International dark web platforms operating within multiple geopolitical regions and languages host a myriad of hacker assets such as malware, hacking tools, hacking tutorials, and malicious source code. Cybersecurity analytics organizations employ machine learning models trained on human-labeled data to automatically detect these assets and bolster their situational awareness. However, the lack of human-labeled training data is prohibitive when analyzing foreign-language dark web content. In this work, we develop a novel Cross-Lingual Hacker Asset Detection method that automatically leverages the knowledge learned from English content to detect hacker assets in nonEnglish dark web platforms. Our method encompasses a novel Adversarial Deep Representation Learning (ADREL) method, which generates multilingual text representations using Generative Adversarial Networks (GANs).

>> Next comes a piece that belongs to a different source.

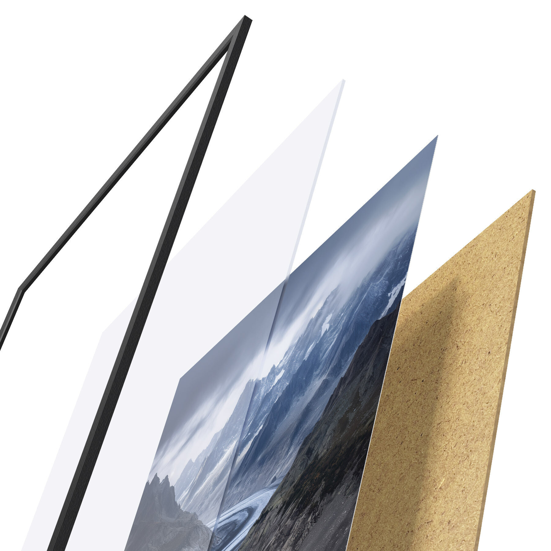 De poster bestaat uit een frame, plexiglas, geprinte afbeelding en spaanplaat achterkant. De poster kan meteen aan de muur worden gehangen dankzij de bevestigingen op de achterkant.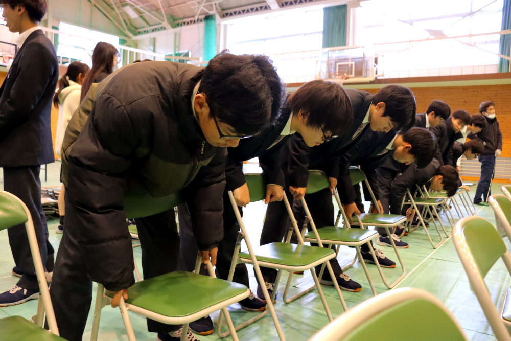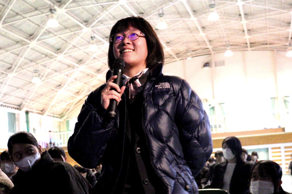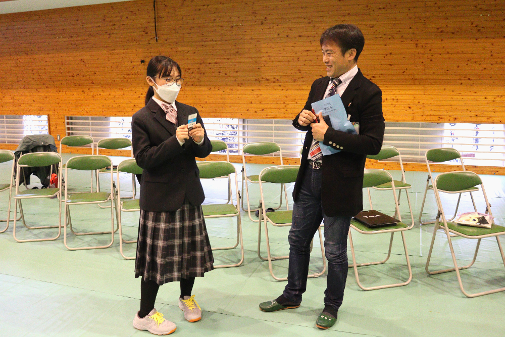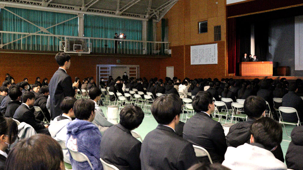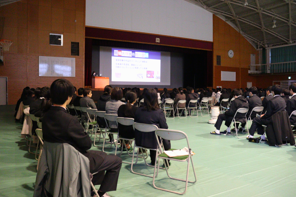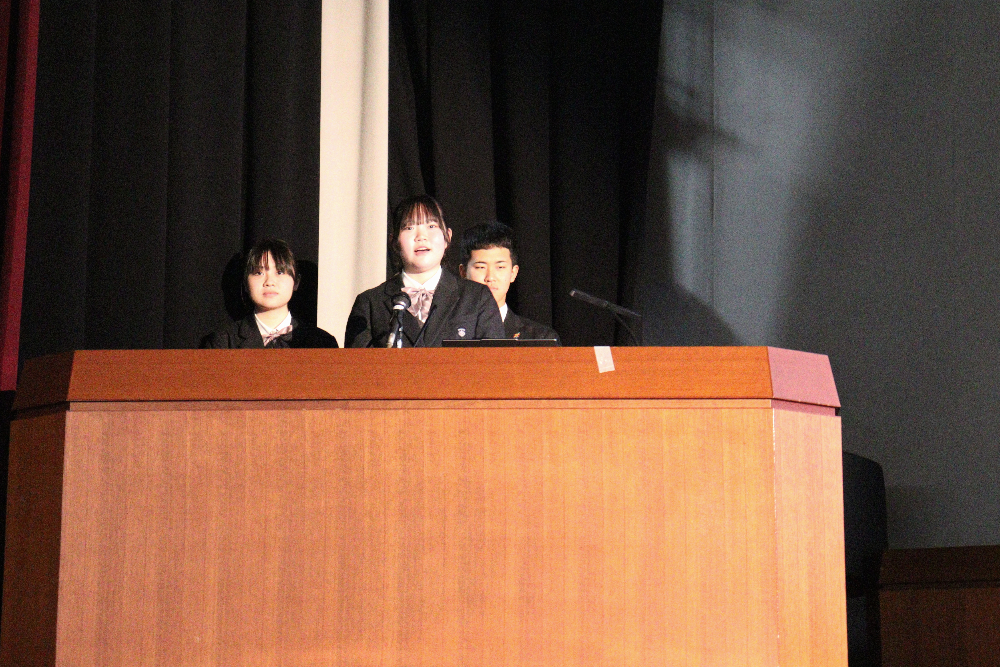 令和7年度『学習発表会』第1部 「総合的な探究の時間」発表会総合的な探究の時間 / 2025年12月18日 12月17日(水)の午後、本校体育館で、今年度の『学習発表会』第1部となる「総合的な探究の時間」発表会が行われました。 当日は1年生と2年生から選ばれた10名の代表生徒が、総合的な探究の時間に取り組んできた学習成果を発表しました。開会前、ずらりと勢揃いした精鋭たちです! 発表会が始まりました。 体育館ステージの大きなスクリーンに工夫を凝らしたプレゼンテーションが投影されています。 代表生徒の声が朗々と響いています。 ここで、発表題目の一部を御紹介しましょう。 「井原特有のもの」✕「カードゲーム」 「井原の芸術」✕「美術館を盛り上げる」 「おおかみに負けない木のおうち」(工学) 「ガムを噛むと集中力は上がるのか」(歯学) ・・・生徒ひとりひとりの興味関心そのままで実に多様です! 自分にとって興味のあること、好きなこと、時間をかけて追い求めたことを発表する代表生徒の表情をご覧下さい。 フロアから次々と質問が飛び出し、活発な意見交流が行われました。 お忙しい中、足をお運びくださった御来賓の皆さまからも声をかけていただきました。 会場準備をはじめとして、照明や受付、司会とたくさんの生徒が行事を作り上げました。 来年の1月16日(金)には、アクティブライフ井原で、『学習発表会』第2部「地域生活科」発表会が行われます。

Multilingual Cyber Threat Detection in Russian and French Darknet Market Places with Adversarial Kernel Matching

Learning predictive models in new domains with scarce training data is a growing challenge in modern supervised learning scenarios. This incentivizes developing domain adaptation methods that leverage the knowledge in known domains (source) and adapt to new domains (target) with a different probability distribution. This becomes more challenging when the source and target domains are in heterogeneous feature spaces, known as heterogeneous domain adaptation (HDA). While most HDA methods utilize mathematical optimization to map source and target data to a common space, they suffer from low transferability. Neural representations have proven to be more transferable; however, they are mainly designed for homogeneous environments. Drawing on the theory of domain adaptation, we propose a novel framework, Heterogeneous Adversarial Neural Domain Adaptation (HANDA), to effectively maximize the transferability in heterogeneous environments. HANDA conducts feature and distribution alignment in a unified neural network architecture and achieves domain invariance through adversarial kernel learning. Three experiments were conducted to evaluate the performance against the state-of-the-art HDA methods on major image and text e-commerce benchmarks. HANDA shows statistically significant improvement in predictive performance. The practical utility of HANDA was shown in real-world dark web online markets. HANDA is an important step towards successful domain adaptation in e-commerce applications.